# 5d3 Left on manual sensor cleaning for 5 hours, possible Damage?



## kevsink (Sep 7, 2013)

Hi all, long term reader, first post. I blew the sensor clean for a job soon, and forgot to turn off the power to the camera returning the sensor to its original position. It was like this for 5 hours, in my bag I noticed a faint beeping, after locating the sound i switched it off normally. The body was noticeably hot to touch and the battery was flashing/low. The lens was mounted all the time. Are there any changes to the sensor other than the actual mirror going up while in cleaning? I am concerned about damage to the shutter mech. Thanks in advance.


----------



## Mt Spokane Photography (Sep 7, 2013)

There should be no issue. All manual sensor cleaning does is hold the mirror up while you clean it. Its possible that the mirror motor could be affected, but I'd doubt it. If there were a lot of current involved, the battery would not have lasted 5 hours.
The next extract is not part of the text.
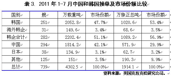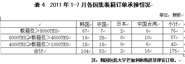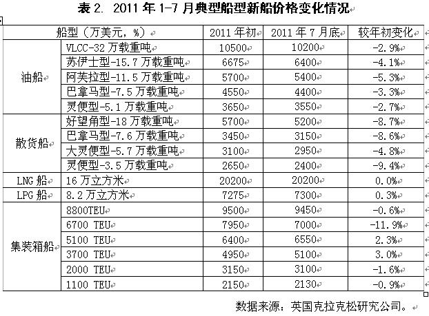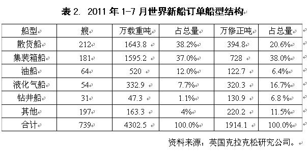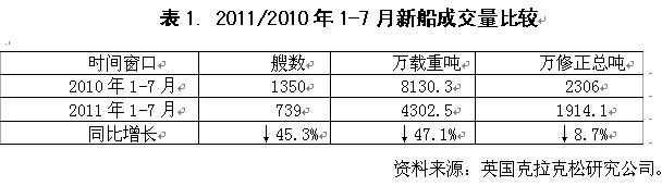 2011年1-7月國際造船市場新船需求總量同比出現大幅下滑,但需求結構朝高技術高附加值船型轉變,受此影響,全球船舶市場競爭格局也發生顯著變化。從影響行情發展主要因素看,無論是經濟發展、航運市場供求關系,還是船舶融資市場狀況,下半年出現明顯改觀的難度很大,船舶市場面臨形勢更加復雜嚴峻。

If the mirror sticks or acts up, send it to Canon.


----------



## duydaniel (Sep 7, 2013)

Don't worry about it.
It is just like taking a very long exposure picture.
Back in the film day, people did 8 hrs exposure photo too.


----------



## RGF (Sep 15, 2013)

Mt Spokane Photography said:


> There should be no issue. All manual sensor cleaning does is hold the mirror up while you clean it. Its possible that the mirror motor could be affected, but I'd doubt it. If there were a lot of current involved, the battery would not have lasted 5 hours.
> 
> If the mirror sticks or acts up, send it to Canon.



mirror AND SHUTTER open. Still not likely to have major problem since the sensor was not powered up


----------